2026-05-27 OCR A Momentum & impulse; conservation of momentum (1D) OCR A Module 3.6.2 Linear momentum and impulse OCR A Module 3.6.3 Collisions in one dimension; elastic and inelastic

On a low-friction track, a 0.50 kg ball moving at +6.0 m s⁻¹ collides head-on with a 1.50 kg cart initially at rest. Two trials are run with identical setup: Trial 1 the ball sticks to the cart; Trial 2 the ball bounces back in a nearly perfectly elastic collision. A force sensor on the cart records the magnitude of the impulse it receives during impact. Which statement must be true about the sensor readings, and why?

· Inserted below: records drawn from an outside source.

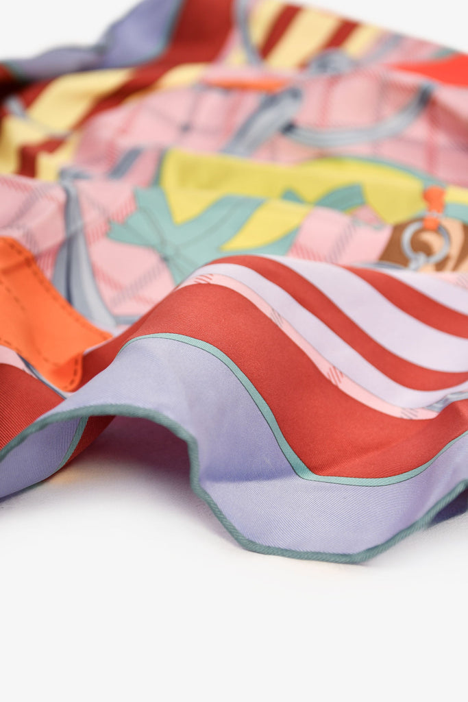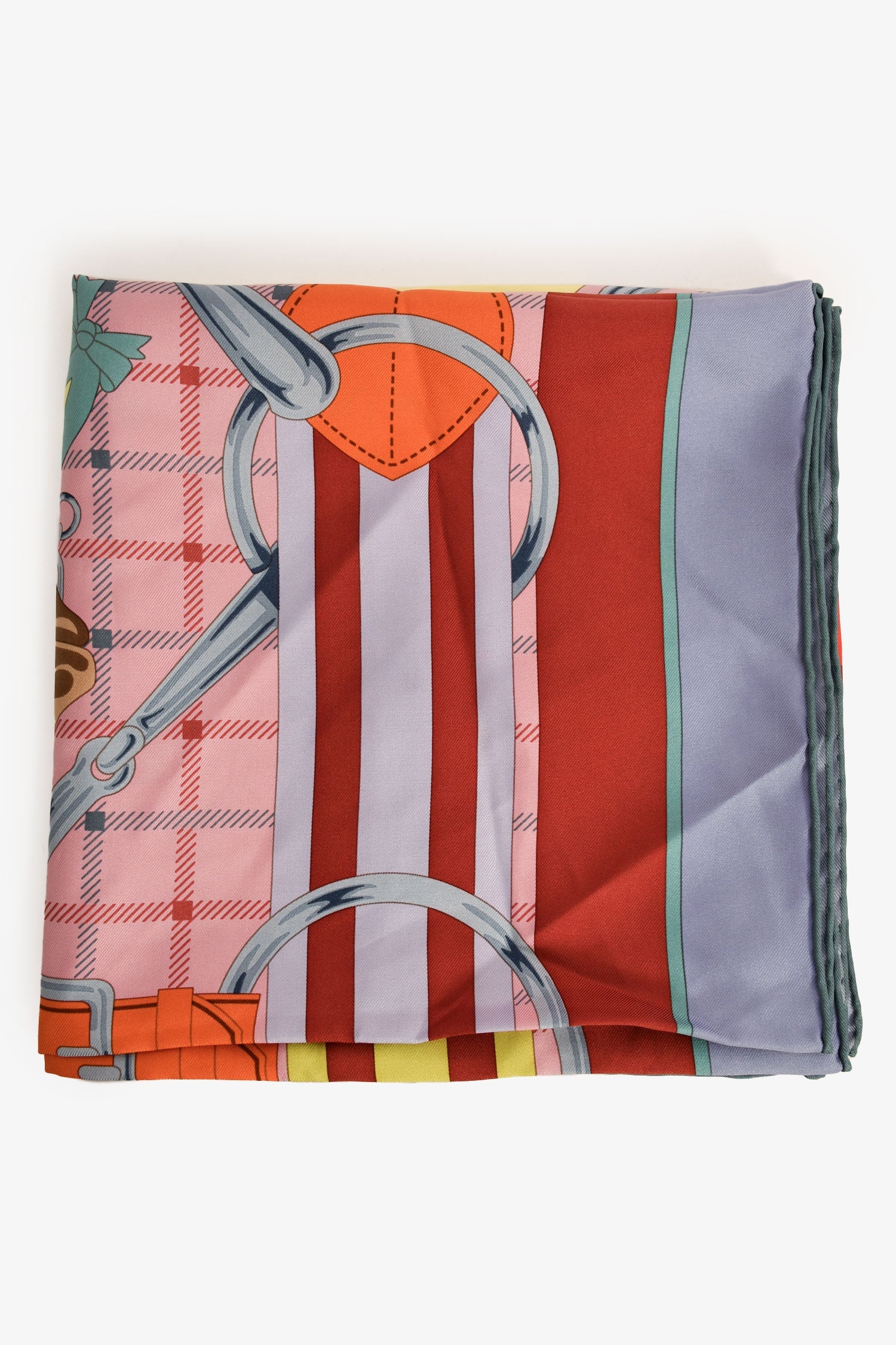 Hermès Purple/Multi Silk 'Sellier' Scarf 90. Tonal stitching.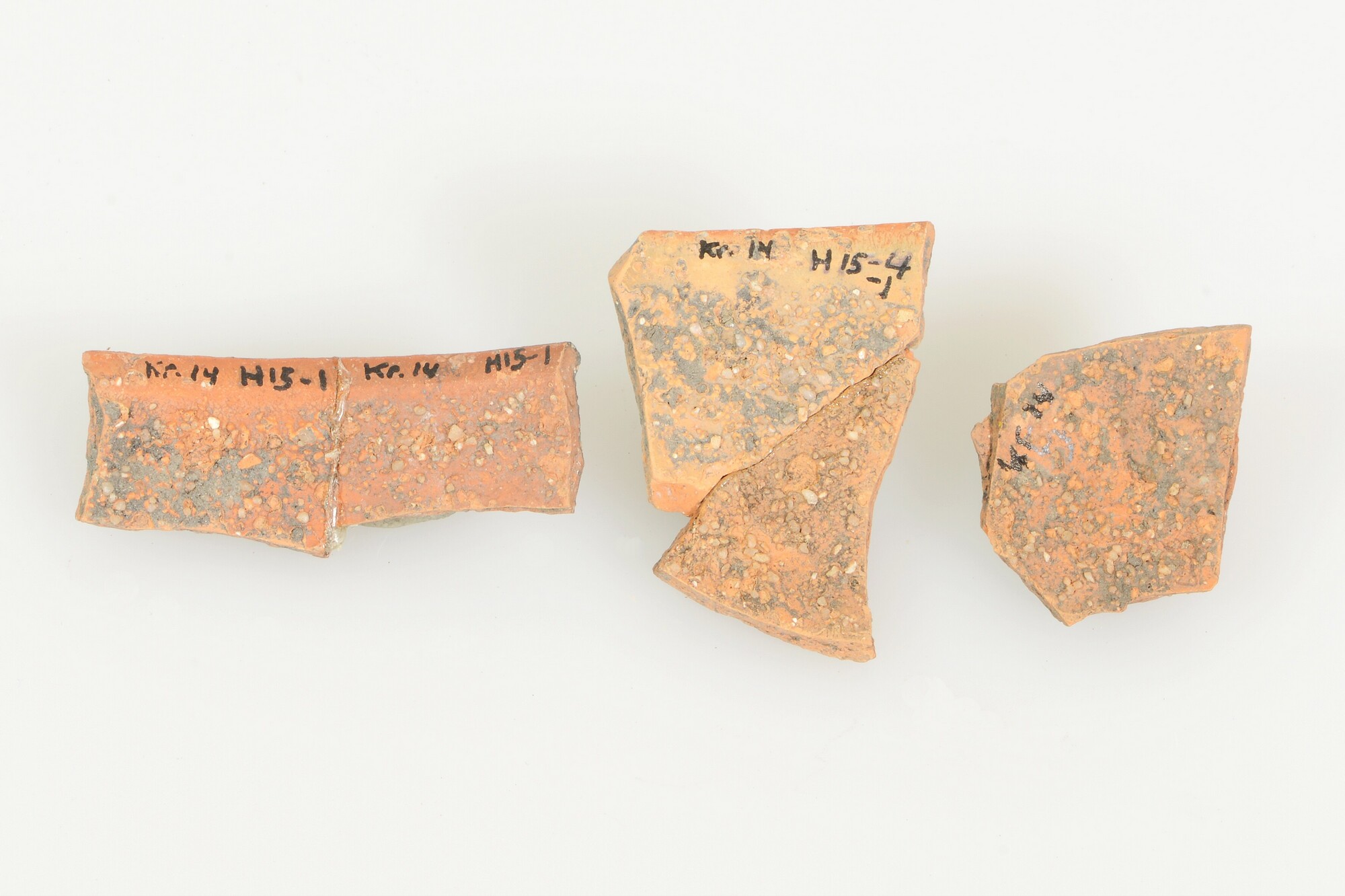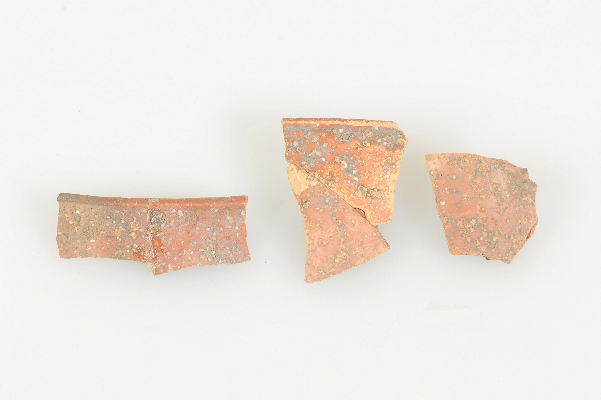 Kom; geverfd aardewerk; type Hofheim 22; halfbol kommetje op een lage standvoet; zandbestrooiing op de wand; rode engobe (techniek A); vondstomstandigheden: 1964/1965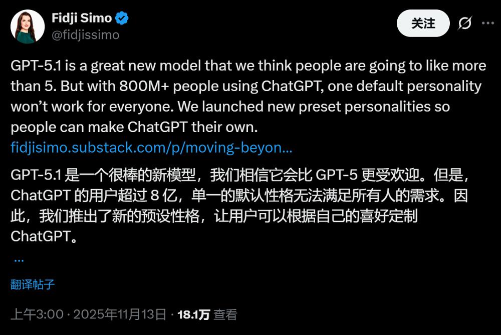 用户破8亿,GPT-5.1来了,表情包含量可自定义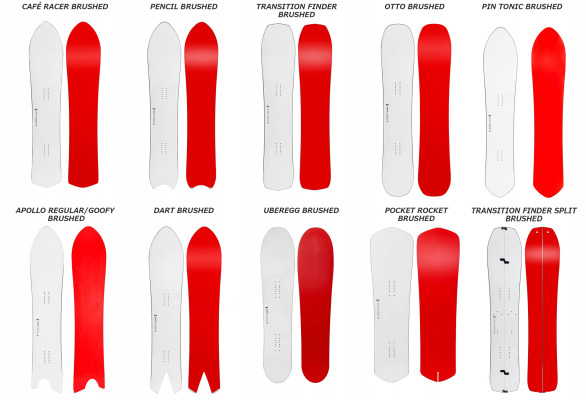 今シーズンはブラッシュドトップシートと伝統的に持続してきたグロストップシートの両方をご用意しています。「すべてのスノーボードは、美しさと喜びのために」我々は、スノーボーダーたちのライディングを向上させるために心を込めて製品作りを行っています。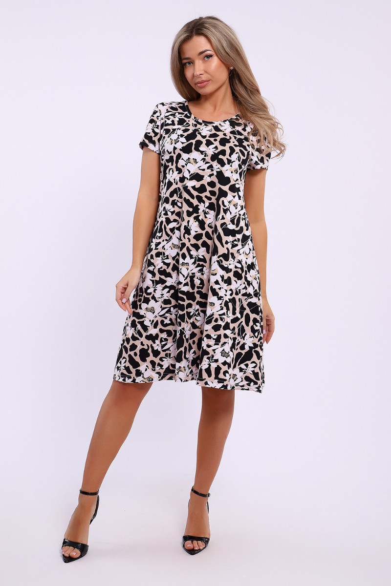 Представляем Вашему вниманию легкое женское платье из хлопковой кулирки. Длина до линии колена, легкий клеш и короткий рукав создают очаровательный образ.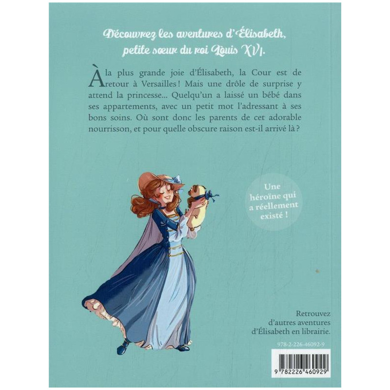 Pour la plus grande joie d'Élisabeth, la Cour est de retour à Versailles ! Quel plaisir de retrouver ses appartements après ces longs mois pluvieux passés à Fontainebleau ! Mais une drôle de surprise attend la princesse dans sa bibliothèque... Quelqu'un y a déposé un bébé, avec un petit mot qui l'adresse à ses bons soins ! Émue, Élisabeth cherche à comprendre. Elle remonte avec ses amis la piste des parents de l'enfant... Qu'est-ce qui a donc bien pu leur arriver pour qu'ils se séparent ainsi, à contrecoeur semblerait-il, du petit Adrien.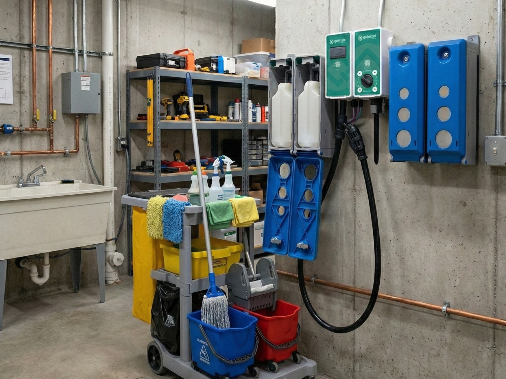 Notre savoir-faire s’étend également à la conception et à l’installation de systèmes professionnels, notamment des centrales de dilution et des systèmes de dosage pour buanderies, offrant à nos clients des solutions clés en main, efficaces et durables.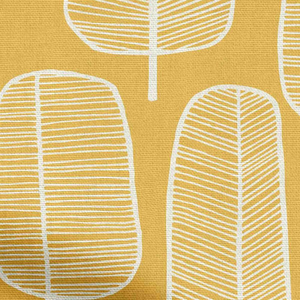 This scandi-inspired screen-printed design features sketch-book style trees of white over a zesty yellow background to create a warm and welcoming minimalistic style.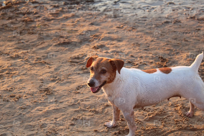 Собака на пляже породы Джек Рассел на песке на закате. Прогулки с домашними животными
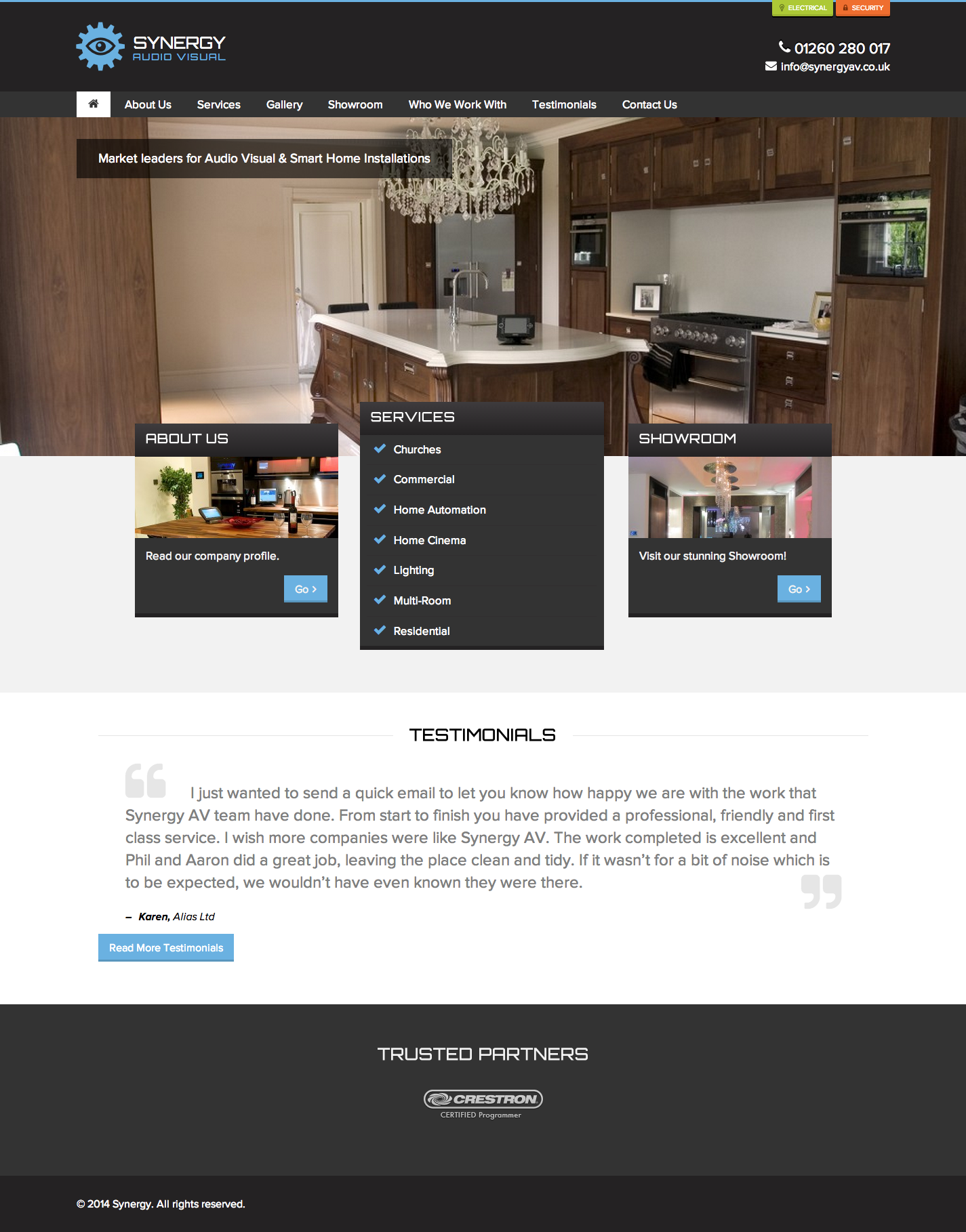 Synergy AV required a responsive website split into 3 separate divisions to reflect their Audio Visual, Electrical and Security departments, with a logo and branding to enhance this. The three divisions work independently, yet all come together to provide a strong brand identity.

  1. A The impulses are equal in both trials because total momentum before and after is the same.
  2. B The cart receives a larger impulse when they stick; for these masses it is roughly 3 N s compared with about 2 N s in the elastic bounce.
  3. C The elastic bounce gives the smaller impulse, since no kinetic energy is lost, so the average force and impulse must be lower.
  4. D The elastic bounce gives the larger impulse on the cart, about twice that for sticking (roughly 4.5 N s vs 2.25 N s), because the ball reverses direction. (correct)

Answer

The correct answer is D.

Correct: D — The elastic bounce gives the larger impulse on the cart, about twice that for sticking (roughly 4.5 N s vs 2.25 N s), because the ball reverses direction. In Trial 1 (stick), the common speed is (0.50/(0.50+1.50))×6.0 = 1.5 m s⁻¹, so the cart’s impulse is 1.50×1.5 = 2.25 N s. In Trial 2 (nearly elastic), the cart’s speed is (2×0.50/(0.50+1.50))×6.0 = 3.0 m s⁻¹, giving 1.50×3.0 = 4.5 N s, i.e. about double; the key is the ball’s reversal of direction, which increases its momentum change and thus the equal-and-opposite impulse on the cart. A Momentum is conserved for the pair, but that does not make the individual impulses identical; the ball reversing in Trial 2 gives a larger momentum change (and impulse magnitude) than in sticking. B Sticking does not give the larger impulse here; the quoted numbers and ordering are wrong—sticking gives about 2.25 N s, elastic about 4.5 N s. C ‘No kinetic energy lost’ in an elastic bounce does not imply a smaller impulse; in fact, reversal of the ball means a larger change in momentum and thus a larger impulse on the cart. D Matches both the direction-change reasoning and the calculated values; as a limiting check, for a very heavy cart the elastic case tends to about twice the sticking impulse.